Supplied records:
%%
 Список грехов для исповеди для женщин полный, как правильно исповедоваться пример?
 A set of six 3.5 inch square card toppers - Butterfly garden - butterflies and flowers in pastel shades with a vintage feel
%%
%%
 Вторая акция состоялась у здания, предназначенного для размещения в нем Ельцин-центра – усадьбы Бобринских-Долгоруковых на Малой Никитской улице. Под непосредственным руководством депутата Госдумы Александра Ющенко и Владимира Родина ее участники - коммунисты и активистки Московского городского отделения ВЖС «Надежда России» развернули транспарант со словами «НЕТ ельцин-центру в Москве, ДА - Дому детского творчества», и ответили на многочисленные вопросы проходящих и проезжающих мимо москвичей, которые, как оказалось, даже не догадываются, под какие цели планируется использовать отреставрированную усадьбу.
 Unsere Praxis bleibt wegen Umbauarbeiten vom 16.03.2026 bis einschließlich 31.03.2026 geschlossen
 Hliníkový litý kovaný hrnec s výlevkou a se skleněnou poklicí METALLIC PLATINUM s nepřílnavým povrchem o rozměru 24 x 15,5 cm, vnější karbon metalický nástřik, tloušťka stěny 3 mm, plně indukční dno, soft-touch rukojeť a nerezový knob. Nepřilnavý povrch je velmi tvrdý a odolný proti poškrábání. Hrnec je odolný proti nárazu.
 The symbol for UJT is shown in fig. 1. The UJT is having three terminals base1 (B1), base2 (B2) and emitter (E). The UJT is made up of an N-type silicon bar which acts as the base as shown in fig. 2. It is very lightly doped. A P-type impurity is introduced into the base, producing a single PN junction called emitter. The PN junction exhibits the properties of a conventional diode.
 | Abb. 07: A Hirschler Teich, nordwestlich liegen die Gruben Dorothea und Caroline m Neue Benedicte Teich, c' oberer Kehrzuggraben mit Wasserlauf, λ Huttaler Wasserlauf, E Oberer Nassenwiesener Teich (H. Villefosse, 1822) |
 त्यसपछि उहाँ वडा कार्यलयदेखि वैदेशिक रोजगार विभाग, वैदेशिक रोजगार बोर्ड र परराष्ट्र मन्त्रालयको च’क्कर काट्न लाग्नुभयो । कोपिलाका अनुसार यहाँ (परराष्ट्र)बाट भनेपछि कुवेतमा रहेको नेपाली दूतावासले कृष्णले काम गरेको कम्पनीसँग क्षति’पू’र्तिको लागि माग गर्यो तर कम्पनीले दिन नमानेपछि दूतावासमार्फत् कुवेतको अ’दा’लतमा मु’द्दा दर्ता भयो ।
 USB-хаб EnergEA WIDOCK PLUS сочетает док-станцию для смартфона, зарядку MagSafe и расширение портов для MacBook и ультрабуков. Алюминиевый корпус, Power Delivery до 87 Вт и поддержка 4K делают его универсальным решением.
%%
What is needed:
Look above for the line with "Список грехов для"; retype exactly that line, every line after it up to the line with "A set of six", and that line too, nothing else.

Answer to this task:
 Список грехов для исповеди для женщин полный, как правильно исповедоваться пример?
 A set of six 3.5 inch square card toppers - Butterfly garden - butterflies and flowers in pastel shades with a vintage feel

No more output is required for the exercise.